|
|
|
|
|
by didericis
249 days ago
|
|
I’ve been saying this for years now: you can’t avoid communicating what you want a computer to do. The specific requirements have to be made somewhere. Inferring intent from plain english prompts and context is a powerful way for computers to guess what you want from underspecified requirements, but the problem of defining what you want specifically always requires you to convey some irreducible amount of information. Whether it’s code, highly specific plain english, or detailed tests, if you care about correctness they all basically converge to the same thing and the same amount of work. |
|
That's the part I'd push back on. They're not the same amount of work.

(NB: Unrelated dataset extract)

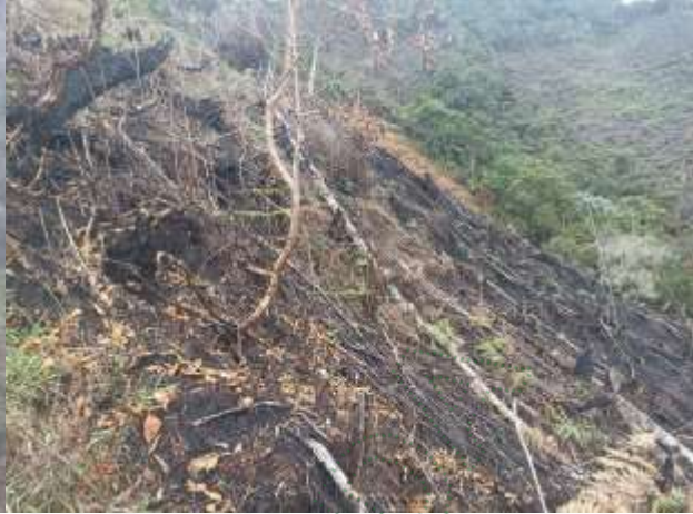
Tala y quema de bosque

When I'm writing the code myself, it's basically a ton of "plumbing" of loops and ifs and keeping track of counters and making sure I'm not making off-by-one errors and not making punctuation mistakes and all the rest. It actually takes quite a lot of brain energy and time to get that all perfect.
It saves a lot of time to write the function definition in plain English, have the LLM generate a bunch of tests that you verify are the correct definition... and then let the LLM take care of all the loops and indexing and punctuation and plumbing.
I regularly cut what used to be an entire afternoon or day's worth of work down into 30 minutes. I spend 10 minutes writing the design for what will be 500-1,000 lines of code, 5 minutes answering the LLM's questions about it, 5 minutes skimming the code to make sure it all looks vaguely plausible (no obvious red flags), 5 minutes ensuring the unit tests cover everything I can think of (almost always, the LLM has thought of a bunch of edge cases I never would have bothered to test), and another 5 minutes telling it to fix things, like its unit tests make me suddenly realize there's an edge case that should be defined differently.
The idea that it's the "same amount of work" is crazy to me. It's so much more efficient. And in all honesty, the code is more reliable too because it tests things that I usually wouldn't bother with, because writing all the tests is so boring.